Table 3 shows that in a case where the volume average particle size of the resin-coated carrier is 20 μm or less, each of the resin-coated carriers is caused to easily adhere to the surface of the electrostatic latent image bearing member because a holding power of a magnetic roller incorporated in the developer bearing member becomes too small to hold the resin-coated carrier. In addition, in such a case, the resin-coated carrier tends to be mixed ununiformly with the toner. This extends charge distribution of the toner. As a result, photographic fog occurs. Accordingly, it is clear from Table 3 that it becomes possible, by arranging a resin-coated carrier to have a volume average particle size of 25 μm to 60 μm, to inhibit the adherence to the surface of the electrostatic latent image bearing member and further photographic fog.

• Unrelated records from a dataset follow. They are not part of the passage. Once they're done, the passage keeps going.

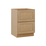 This Double Drawer cabinet is available in 24",  30" & 36" widths. It is a ready-to-assemble kitchen cabinet with a 1-1/4" Elegant Oak Craftsman Shaker overlay Solid Oak front shaker style.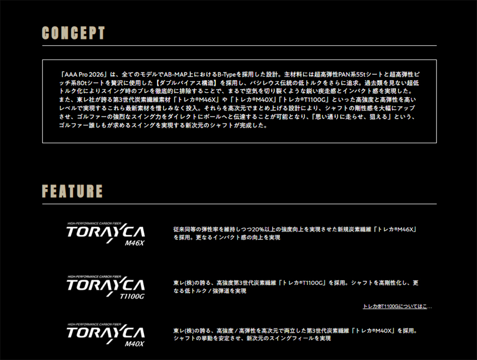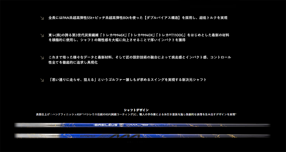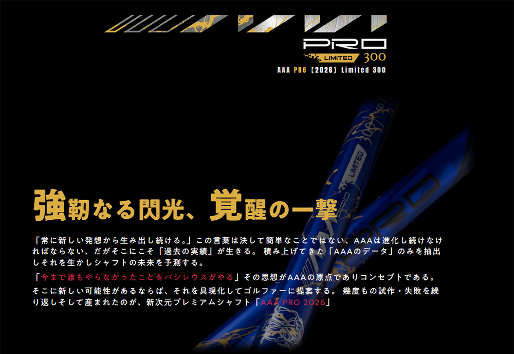 全スペック合計300本限定 素材の使用限界を取払い、設計力を余すことなく生かせる条件を整え産み出された"AAA<トリプルエー>" 特殊な素材を用いて、追い込んだ設計をすることから生産数は自ずと300本限定のモデルとなる 今まで積み重ね、過ぎた歳月には取り巻く環境の変化もある。 ヘッド性能の進化・ボール性能の進化・グリップ性能の進化。 取り巻くそれらも含めての「進化」である。 AAAシリーズにおいては「理論上可能であれば挑戦する」事が命題である。 それを求めるゴルファーがいると確信し、バシレウスはそれをゴルファーに提案できることに喜びを感じる。 開発者としては、かなりの挑戦的な素材選択である。自ずと、適材適所の見極めが難しい。 だからこそ、そのシャフトを渇望するゴルファーが、そこで待っていると確信し開発に挑戦する。 AAA2026モデルはゴルファーに対しても挑戦的なシャフトと言える。 |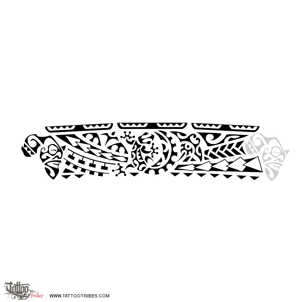 Africa is on the left (the tiki that shapes it represents protection), with a path of Kamehameha nearby and with a row of spear heads above it, crossing the whole design, for the warrior spirit.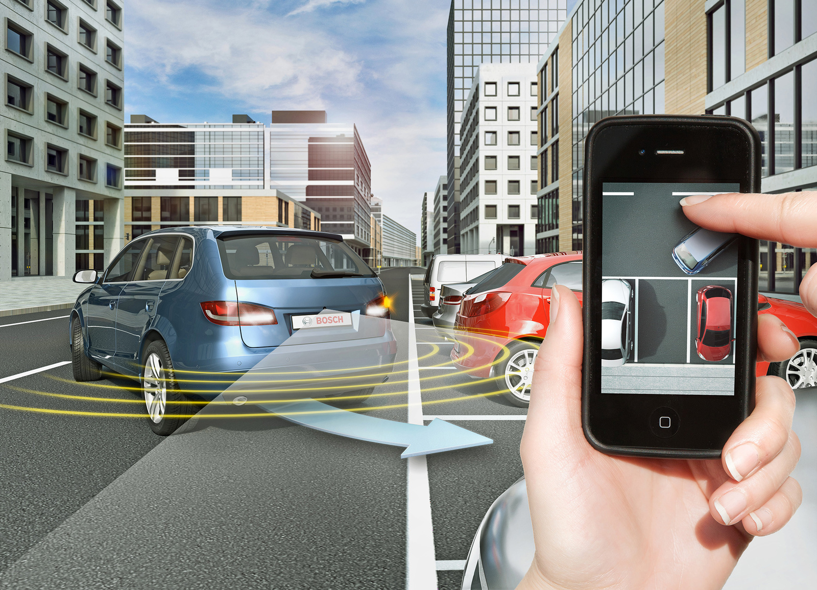 Bosch has all the essential expertise needed for automated driving, and now employs some 2,500 engineers in this area. The objective is to achieve completely automated, driverless parking within two years, and automated driving on freeways by the end of the decade. With the remotecontrolled park assist system, vehicles park themselves as if by magic. All drivers need to do is press and hold a button on their ignition key or smartphone. This tells the vehicle to automatically maneuver itself into the parking space it has previously detected and measured using ultrasonic sensors.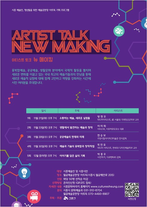 [시사인경제] 시흥시는 월곶 예술공판장_Art Dock에서 융복합예술, 공공예술, 생활문화 분야에서 국제적 활동을 펼치며 새로운 변화를 이끌고 있는 국내 최고의 예술가들과 시흥예술인들의 만남을 통해 새로운 예술적 실험에 대해 함께 고민하는 아티스트 토크 ‘New Making’을 개최할 예정이다.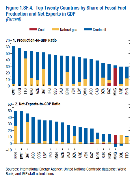 Torniamo al presente, o meglio ancora al passato recente. Fra il 2010 e il 2019 l’importanza relativa dell’estrazione di fonti fossili rispetto al pil è stata molto elevata in paesi come l’Angola, l’Azerbaijan, il Congo, il Kuwait, l’Arabia Saudita.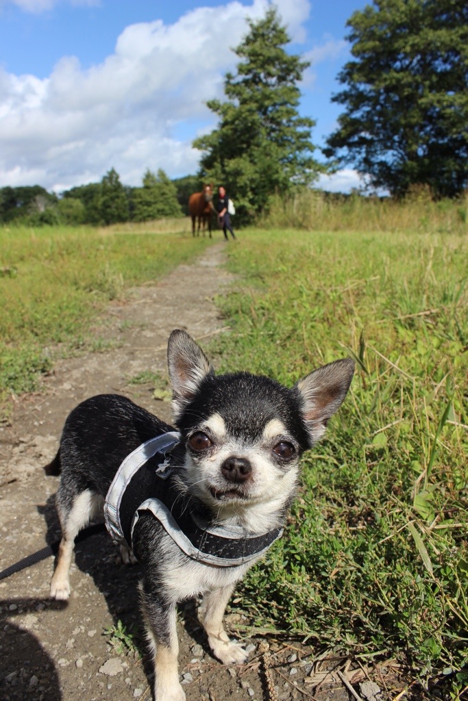 Ungefär halvvägs tog vi paus och åt medhavd matsäck. Leon var nöjd med allt gott gräs och nosademig också nyfiket i håret (?). Vi provade lite tricks (visar dem en annan dag) och vandrade vidare.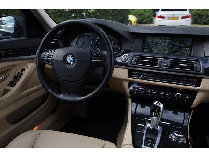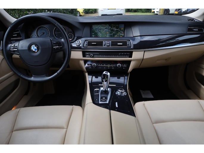 Plaatje van een BMW 5-serie uit het jaar 2012 met slechts 203.000KM. Dit exemplaar is perfect onderhouden waarvan wij de historie in ons bezit hebben. Smaakvol samengesteld met een Beige interieur.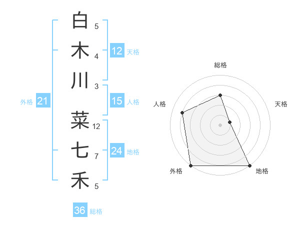 白木川 菜七禾さんを姓名の画数から五運を鑑定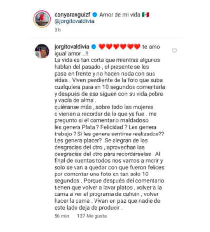 Asimismo, el deportista alzó la voz y escribió una particular reflexión en el post: “Te amo igual amor… la vida es tan corta que mientras algunos hablan del pasado, el presente se les pasa enfrente y no hacen nada con sus vidas. Viven pendientes de la foto que suba cualquiera para en 10 segundos comentar y después de eso siguen con su vida pobre y vacía de alma. Quiéranse más, sobre todo las mujeres que vienen a recordar lo que ya fue. Me pregunto si el comentario maldadoso les genera plata? Felicidad? Les genera trabajo? Si les genera sentirse realizados?? Les genera placer? Se alegran de las desgracias del otro, aprovechan las desgracias del otro para recordarlas”.
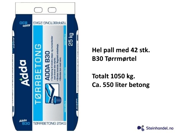 Pall med 42 stk. B30 25KG Tørrbetong sekker (totalt 1050kg). Gir ca. 550 liter ferdig betong. Kan benyttes til støping i forskalingsblokker, montering av kantstein med mer.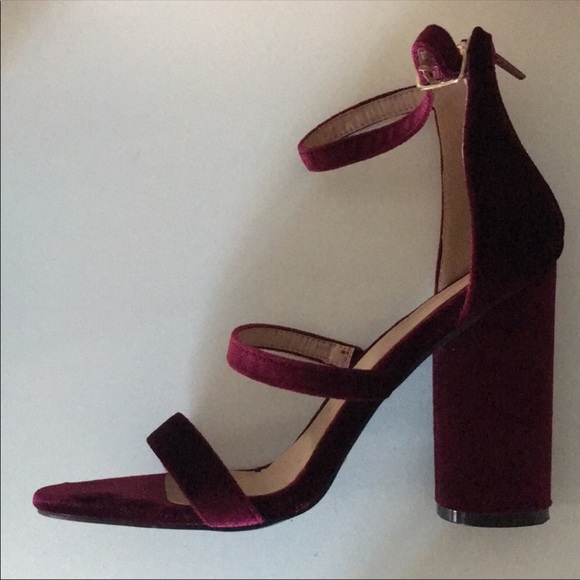 ✨Double strap✨ buckle closure✨zipper back✨wine colored velvet sandals✨ from boutique✨ C LABEL✨4.25 round block heel✨size 8✨worn once✨ Smoke and pet free home✨No trades✨Ships same/next day✨

Resin-coated carrier particles were produced according to the method described in the (Production of Resin-Coated
Carrier), but by using respective coating resin solutions containing the electrically conductive particles in respective amounts of 0 parts by weight, 5 parts by weight, 10 parts by weight, 15 parts by weight, and 20 parts by weight. Then, an electric resistance value of each of the resin-coated carrier particles was measured according to the method described in the (Measurement of Resistance Value of Carrier Particles).
Further, two component developers were produced by using (i) a cyan evaluation toner produced according to the method described in the (Production of Toner) and (ii) the respective resin-coated carriers each containing a different amount of the electrically conductive fine particles (each having a different resistance). Thereafter, each of the two component developers was supplied into the developing cartridge A. The developing cartridge A was then set in the test bench described in the (Evaluation of Adherence of Carrier and Image Fog in Background Area). Then, after idling of the test bench for 3 minutes under a condition at a room temperature and a normal humidity, the adherence of the resin-coated carrier and photographic fog in the background area were measured and evaluated. Table 4 shows results of the evaluation.
Table 4 shows that although the adherence of the resin-coated carrier increases as an amount of the charge control agent added increases, the adherence of the resin-coated carrier increases when the amount of the charge control agent becomes 15 parts by weight or more. Accordingly, it is clear that a coating layer of each of the resin-coated carriers is preferably a resin composition containing (i) 10 parts by weight or less of the electrically conductive particles with respect to 100 parts by weight of silicone resin (in the present Example, the silicone resin is a crosslinkable silicone resin) and (ii) 5 parts to 15 parts by weight of the charge control agent composed of the same components as the charge control agent of the toner, with respect to 100 parts by weight of the silicone resin.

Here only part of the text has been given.